Wikipediaに標準と反転の生成多項式のbit表現がわざわざかいてあるけど、つまるところ同じ多項式。

高速化

・gの先頭の1は実はいらない
割られる数に1が立っているかの判定だけでよいため。

crc & 2 ** (keta - 1)
や
crc & 1

で事足りる。どうせxorした結果の先頭は0になってるからね。
wikipediaは最初から先頭の１をはしょった形で書かれてる。

・8bit分の割り算を先にしてテーブル化しておく
前回の記事で思いついたけど実装しなかったって言ってたやつ。
いやあ標準的に使われてるのねさすがです。
これも反転のほうが有利だね。標準だと固定長がmによって変わるから、mの長さがわかってからじゃないとテーブル計算ができない。

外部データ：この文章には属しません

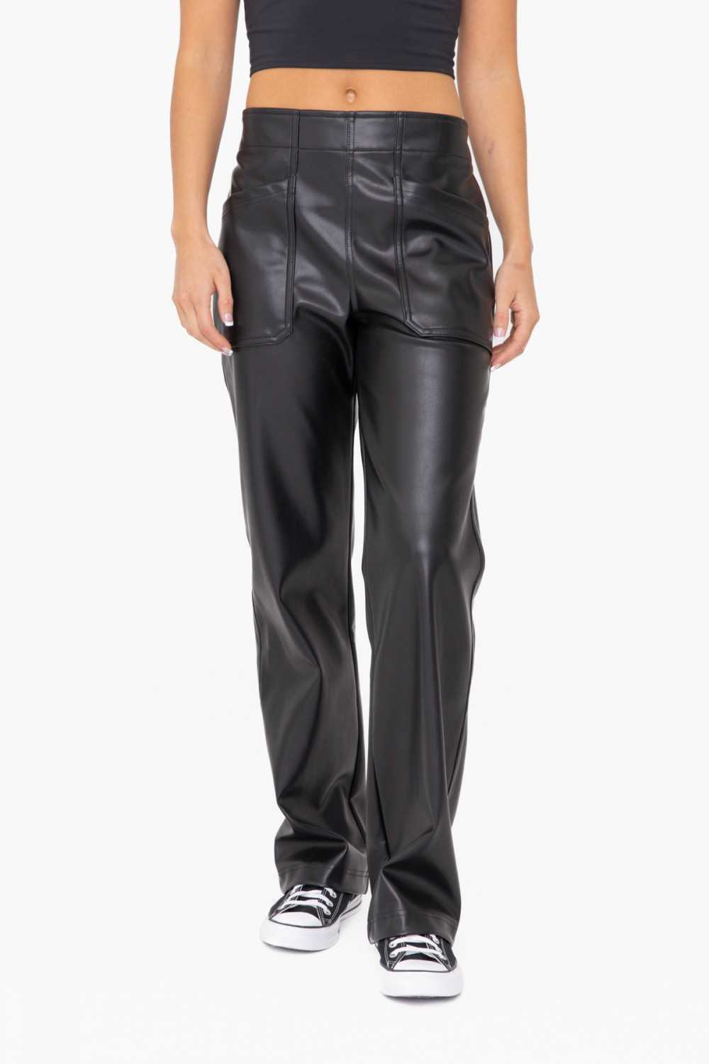 Add a cool edge to your everyday look with these vegan leather wide leg pants. Made from a supple and stretch vegan leather with a soft inside, these pants feature oversized patch pockets and an elastic waistband for a comfortable fit.

wikipediaにあわせてcrc32_reverseの例だけ図に起こした。
今まで例で使ってたcrc4_reverseでも同じ作業できる。

f:id:falconctf:20191026080943j:plain — テーブル利用crc32_reverse

・謎
wikipedia見ればわかるがなぜかcrc32のときは
初期値をcrc=0xffffffffとしcrc^0xffffffffをreturnする風潮がある。
考えたけど意味は不明だった。

ちなみに私の実装例はすべてcrc=0を初期値としている実装である。
まあそういこともあるんだと思っておく。

2019/10/27　追記

ググったらそれらしい理由があった
0固定故障への対策らしいhttps://t.co/Hzel27DQhx
— 道路 (@Nperair) October 25, 2019

有力情報を頂いた。リンク先を見ると、全部0になるバグ？の判定ができるためだそう。

参考：Cyclic Redundancy Check(CRC)を理解する - Qiita
　　　巡回冗長検査 - Wikipedia

正直後半書くの飽きてた。4日くらいかいてるからなこれ。